Anton met a lawyer at an office on the outskirts. Dmitriy visited twice. And notably, a representative from a major car dealership chain was also there.
“They want to swallow the business,” Yulia explained. “And portray you as an ineffective manager through courts and forgeries. They’re planning a merger—and you’re the surplus. They don’t want an owner, just a puppet or a dead account.”
“What can I do?”
“Intercept. Block them. Blow up their plans. If you want—I can help.”
Victoria didn’t respond, lost in deep thought for a long time.
One week later, she held a press conference—a bold television appearance as a young female entrepreneur filing suit against her ex-husband for attempted raider business takeover via a sham marriage and forged documents. She presented evidence, shared witness accounts, named names:
“Dmitriy L., his mother Elena Pavlovna, and brother Anton L.—a group attempting to seize the business disguised as family troubles. Here are the proofs and witnesses.”
The internet exploded. Some sympathized with the “poor boy so humiliated,” others cheered, “Bravo, girl! Hit them hard!”
Interview requests poured in. Clients, suppliers, even tax officials stopped by—sometimes with a smile and audit notice.
Two days later, Dmitriy awaited her at the entrance.

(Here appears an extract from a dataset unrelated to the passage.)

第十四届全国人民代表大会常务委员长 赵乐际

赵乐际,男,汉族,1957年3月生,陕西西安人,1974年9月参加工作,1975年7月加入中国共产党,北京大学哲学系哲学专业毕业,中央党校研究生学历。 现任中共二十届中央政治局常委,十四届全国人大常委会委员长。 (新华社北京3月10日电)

“What are you doing? You’re ruining my reputation!”
“Silence,” she commanded sharply. “You came to destroy me but miscalculated. Now you’ll pay.”
“You have no right!”
“Did you have any when you forged documents or opened accounts for your brother?”
He paled.
“You won’t prove anything.”
“I already did. Next, court. Hope you like jail uniforms. Tell your mom hello, if she survives investigation.”

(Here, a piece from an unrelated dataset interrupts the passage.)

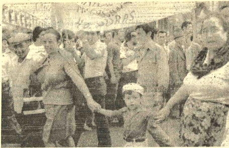
OPOSICION A GONCALVES. Portugal 4 (AP). Manifestantes socialistas opuestos a la designación de Vasco Gonçalves como jefe de Estado Mayor de las FF.AA. durante un acto de Cúmbira. Uno de los colectivos dice "Contra toda manipulación, gobierno de salvación".

En virtud de los términos del acuerdo, que requiere aún la aprobación formal de un tribunal federal, los abogados de Nixon examinarán los legajos para determinar cuáles documentos y citas grabadas están relacionados con las órdenes libradas por el senador Frank Church, demócrata por Idaho, que insistió la semana pasada en que el grupo senatorial fuera autorizado a determinar la relevancia de los documentos por sí mismo, calificó el acuerdo como "un esfuerzo de buena fe para proporcionar a la comisión los documentos que esta necesita".

Turning away, she strode confidently on heels. Inside, she trembled, but outside, she wore an icy armor.
A month later, she opened her second dealership under a franchise agreement. Her face on billboards, her story in magazines. And Dmitriy?

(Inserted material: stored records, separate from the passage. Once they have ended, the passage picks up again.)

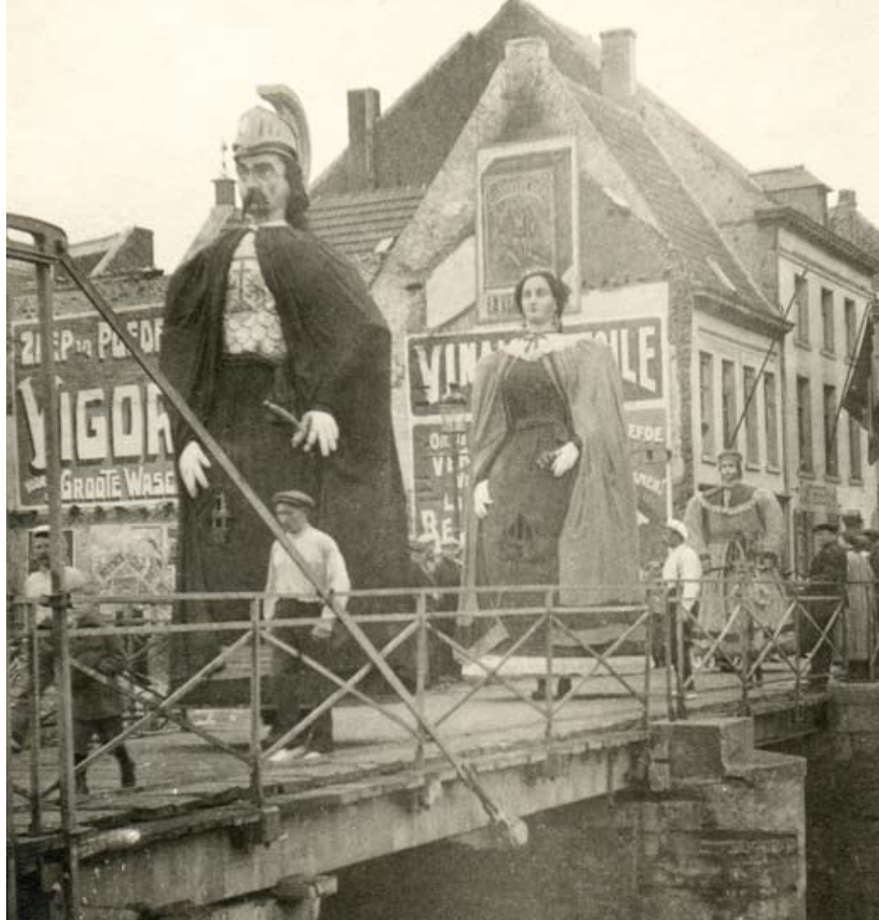
In 1919 gaat, na vijf jaar onderbreking door de "Grooten Oorlog", de processie weer uit. De reuzen stappen over de Wijngaardbrug
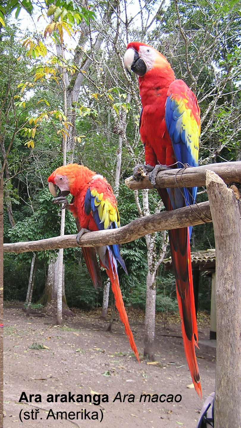
Ara arakanga Ara macao (stř. Amerika)
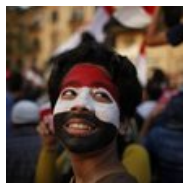
How Morsi, Brotherhood Lost Egypt
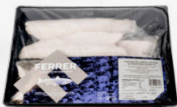
FILETES DE LUBINA
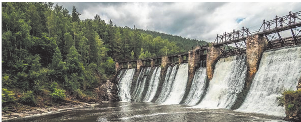
Рис. 3. Порожская ГЭС

Для сбалансированной и согласованной совместной работы солнечной, ветровой и гидро- электростанций, а также интеграции комплекса в электрическую сеть, необходимо провести научные исследования, результаты которых будут использованы при подготовке кандидатских и докторских диссертаций. Планируется

“He’s back with his mom, unemployed with Anton,” Lidka recounted. “They tried to claim the apartment, but the court refused. All they have is resentment and a car loan unpaid.”
“You know,” Victoria said, “when I started all this, I thought I was just saving the business. Turns out, I was saving myself—my life, my mind.”
“You’re a rock, Vika.”
“No. I just realized one thing: if you don’t burn the bridges, someone will cross them again—with dirty feet.”
Key Takeaway: Protecting a business isn’t just about defending assets—it’s a battle for identity, independence, and self-respect.
Her story is one of courage, resilience, and the fierce will to defend what’s hers, come what may.